ACTIVITY: Reproduce the whole listing exactly and let no picture into the copy.

PROVIDED RECORDS:
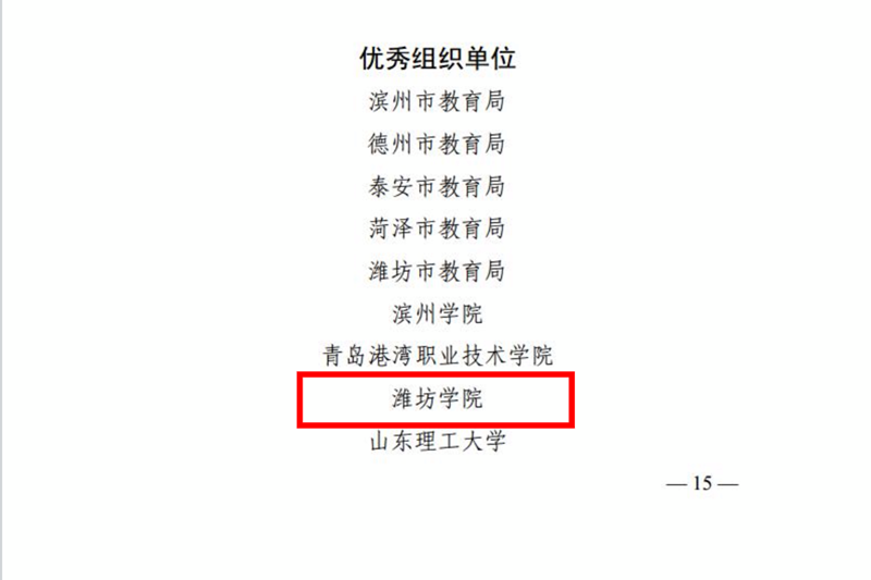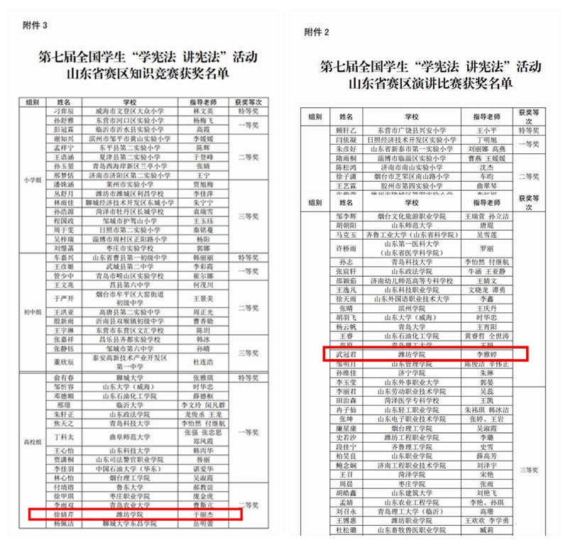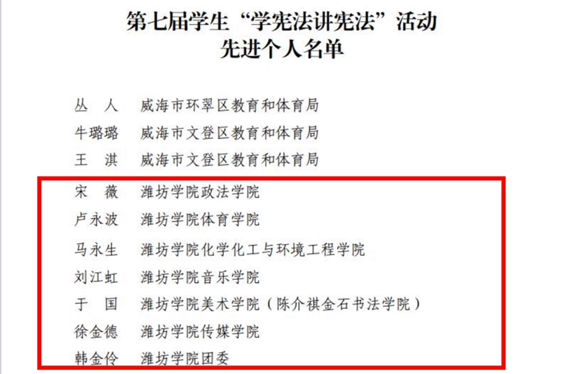 本网讯 日前,山东省教育厅公布了《关于第七届学生“学宪法 讲宪法”活动开展情况的通报(鲁教法函〔2023〕1号)》,我校喜获12项集体和个人表彰。其中,潍坊学院荣获优秀组织单位;政法学院徐婧芹同学获山东省赛区知识竞赛高校组二等奖;政法学院武冠君同学获山东省赛区演讲比赛高校组二等奖;于丽杰、李雅婷获优秀指导老师;宋薇、卢永波、马永生、刘江虹等7位老师获第七届学生“学宪法 讲宪法”活动全省先进个人。
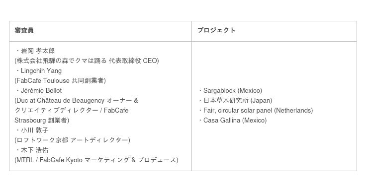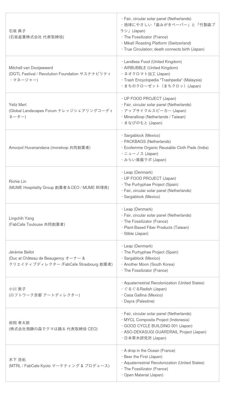 審査は、産業廃棄物中間処理業で減量化・リサイクル化率98%を達成している石坂産業株式会社 代表取締役 石坂典子や、世界で最も持続可能なフェスティバルとして表彰された「DGTL Festival」を開催しているMitchell van Dooijeweerd、アップサイクル生地に新しい命を吹き込むためのワンストップサービスを提供するmoreloopの共同創業者Amorpol Huvanandanaら、国内外の多様な分野のプロフェッショナル5名が参加。さらに世界に拠点を持つFabCafe Globalから5名が加わり、生活、環境、経済に寄与するサーキュラーなアイデア・プロジェクトを選出しました。
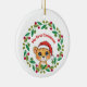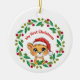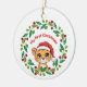 This adorable ornament features a cute cheetah encircled by a festive Christmas wreath adorned with holy berries. Perfect for a baby’s first Christmas decoration, while the cute design brings a joyful holiday spirit to the little one's celebration.
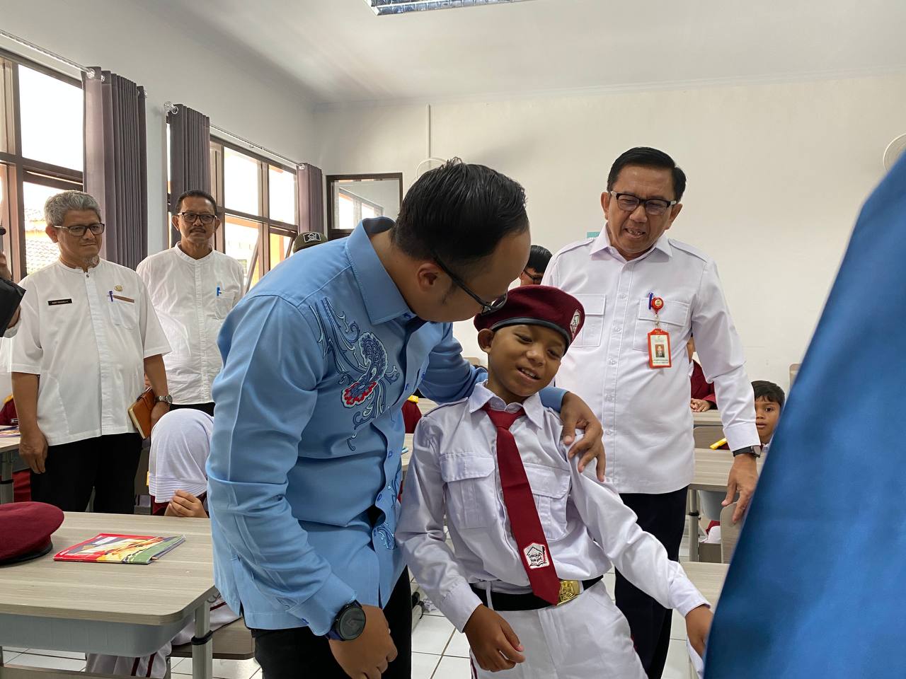 Ia dan Wali Kota Viman juga sempat masuk ke ruang kelas saat siswa mengikuti pelajaran Matematika. Keduanya menyapa siswa sambil memberikan semangat.
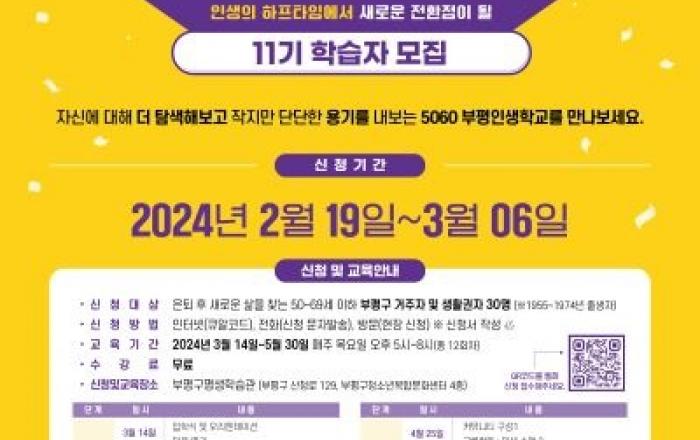 부평구가 오는 19일부터 다음 달 6일까지 ‘5060 부평인생학교’ 11기 수강생을 모집한다.5060 부평인생학교는 인생 후반기를 준비하는 중‧장년층을 위해 특화된 맞춤형 평생교육 프로그램이다. 교육 대상은 50세~69세(1955년~1974년 출생자)이며, 참여를 희망
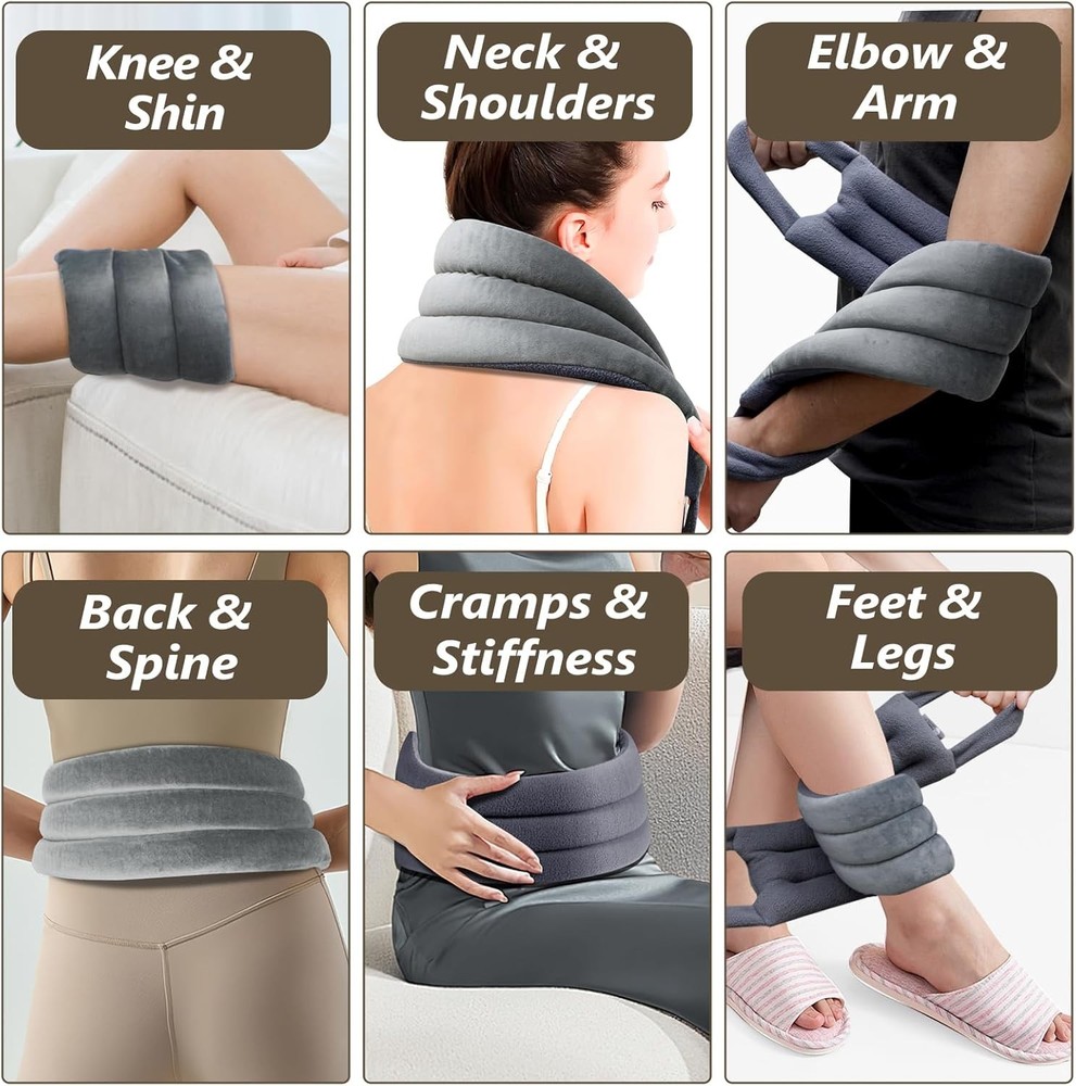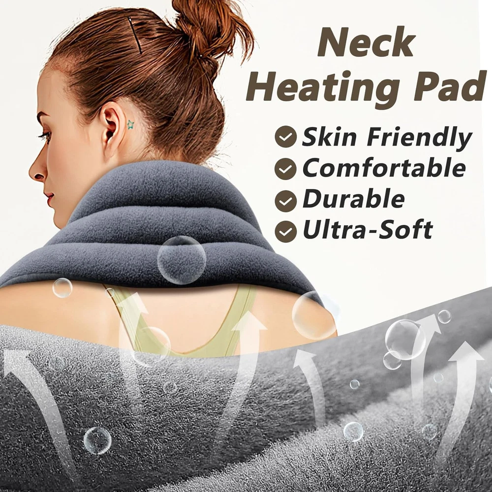 Microwave Heating pad for Neck and Shoulders Back 33 * 5" microwavable Moist Heat Pack Warm hot Compress Neck wrap Weighted Rice Bean Bag Reusable Herbal Nature Calming Portable Grey Product Details Package Dimensions : 12.91 x 5.75 x 2.24 inches; 1.34 Pounds Manufacturer : AiricePac Country of Origin : China Brand: AiricePac Age Range (Description): Adult Number of Items: 1 Unit Count: 1.00 Count Special Feature: Flexible, Microwaveable, Reusable Neck Heating Pad Microwavable: Unlike other neck warmer, our rice heating pad microwavable filled with flaxseed, millets, and clay beads delivers deep, penetrating moist heat and promote blood circulation, help alleviate joints, cramps, tightness, arthritis, swelling. A relaxation gifts providing gentle pressure with soothing moist heat. Double-Side Fabric Design: This neck warmer microwavable designed with Double-side fabric is skin-friendly even for sensitive users. One side made of Dutch Velvet is ultra-soft to skin, while the other side made of polar fleece is silky with extra heat retention. Unique sectioned chamber stitching of this neck heating pad for neck pain mold into your body flexibly, delivering more even and long-lasting heat for instant pain relief and relaxation. Versatile and Flexible: This microwavable heating pads for heat therapy is so soft and flexible to conform to your body, delivers soothing heat therapy to your neck, shoulders, back, arms, leg, ankle, and knee, etc. Great help with acute and chronic pain relief. Microwave neck wrap for pain relief safely to obtain soothing moist heat therapy to reduce inflammation, stress, tension, and pain by promoting circulation. Hot & Cold Compress: (Do Not Overheat): Heat the rice pack heating pad in the microwave for 60~90 sec! You will enjoy up to 20 min soothing and deep moist heat. Freeze the microwave heating pad for neck and shoulders to get a pleasant coldness to reduce swelling due to strains and sprains. Ideal for your loved ones & friends: AiricePac heat neck wrap microwavable provides 100% satisfaction service to customers. Please feel free to reach us if have problems with our moist weighted neck heating pad.

SOLUTION TO THE EXERCISE:
 本网讯 日前,山东省教育厅公布了《关于第七届学生“学宪法 讲宪法”活动开展情况的通报(鲁教法函〔2023〕1号)》,我校喜获12项集体和个人表彰。其中,潍坊学院荣获优秀组织单位;政法学院徐婧芹同学获山东省赛区知识竞赛高校组二等奖;政法学院武冠君同学获山东省赛区演讲比赛高校组二等奖;于丽杰、李雅婷获优秀指导老师;宋薇、卢永波、马永生、刘江虹等7位老师获第七届学生“学宪法 讲宪法”活动全省先进个人。
 審査は、産業廃棄物中間処理業で減量化・リサイクル化率98%を達成している石坂産業株式会社 代表取締役 石坂典子や、世界で最も持続可能なフェスティバルとして表彰された「DGTL Festival」を開催しているMitchell van Dooijeweerd、アップサイクル生地に新しい命を吹き込むためのワンストップサービスを提供するmoreloopの共同創業者Amorpol Huvanandanaら、国内外の多様な分野のプロフェッショナル5名が参加。さらに世界に拠点を持つFabCafe Globalから5名が加わり、生活、環境、経済に寄与するサーキュラーなアイデア・プロジェクトを選出しました。
 This adorable ornament features a cute cheetah encircled by a festive Christmas wreath adorned with holy berries. Perfect for a baby’s first Christmas decoration, while the cute design brings a joyful holiday spirit to the little one's celebration.
 Ia dan Wali Kota Viman juga sempat masuk ke ruang kelas saat siswa mengikuti pelajaran Matematika. Keduanya menyapa siswa sambil memberikan semangat.
 부평구가 오는 19일부터 다음 달 6일까지 ‘5060 부평인생학교’ 11기 수강생을 모집한다.5060 부평인생학교는 인생 후반기를 준비하는 중‧장년층을 위해 특화된 맞춤형 평생교육 프로그램이다. 교육 대상은 50세~69세(1955년~1974년 출생자)이며, 참여를 희망
 Microwave Heating pad for Neck and Shoulders Back 33 * 5" microwavable Moist Heat Pack Warm hot Compress Neck wrap Weighted Rice Bean Bag Reusable Herbal Nature Calming Portable Grey Product Details Package Dimensions : 12.91 x 5.75 x 2.24 inches; 1.34 Pounds Manufacturer : AiricePac Country of Origin : China Brand: AiricePac Age Range (Description): Adult Number of Items: 1 Unit Count: 1.00 Count Special Feature: Flexible, Microwaveable, Reusable Neck Heating Pad Microwavable: Unlike other neck warmer, our rice heating pad microwavable filled with flaxseed, millets, and clay beads delivers deep, penetrating moist heat and promote blood circulation, help alleviate joints, cramps, tightness, arthritis, swelling. A relaxation gifts providing gentle pressure with soothing moist heat. Double-Side Fabric Design: This neck warmer microwavable designed with Double-side fabric is skin-friendly even for sensitive users. One side made of Dutch Velvet is ultra-soft to skin, while the other side made of polar fleece is silky with extra heat retention. Unique sectioned chamber stitching of this neck heating pad for neck pain mold into your body flexibly, delivering more even and long-lasting heat for instant pain relief and relaxation. Versatile and Flexible: This microwavable heating pads for heat therapy is so soft and flexible to conform to your body, delivers soothing heat therapy to your neck, shoulders, back, arms, leg, ankle, and knee, etc. Great help with acute and chronic pain relief. Microwave neck wrap for pain relief safely to obtain soothing moist heat therapy to reduce inflammation, stress, tension, and pain by promoting circulation. Hot & Cold Compress: (Do Not Overheat): Heat the rice pack heating pad in the microwave for 60~90 sec! You will enjoy up to 20 min soothing and deep moist heat. Freeze the microwave heating pad for neck and shoulders to get a pleasant coldness to reduce swelling due to strains and sprains. Ideal for your loved ones & friends: AiricePac heat neck wrap microwavable provides 100% satisfaction service to customers. Please feel free to reach us if have problems with our moist weighted neck heating pad.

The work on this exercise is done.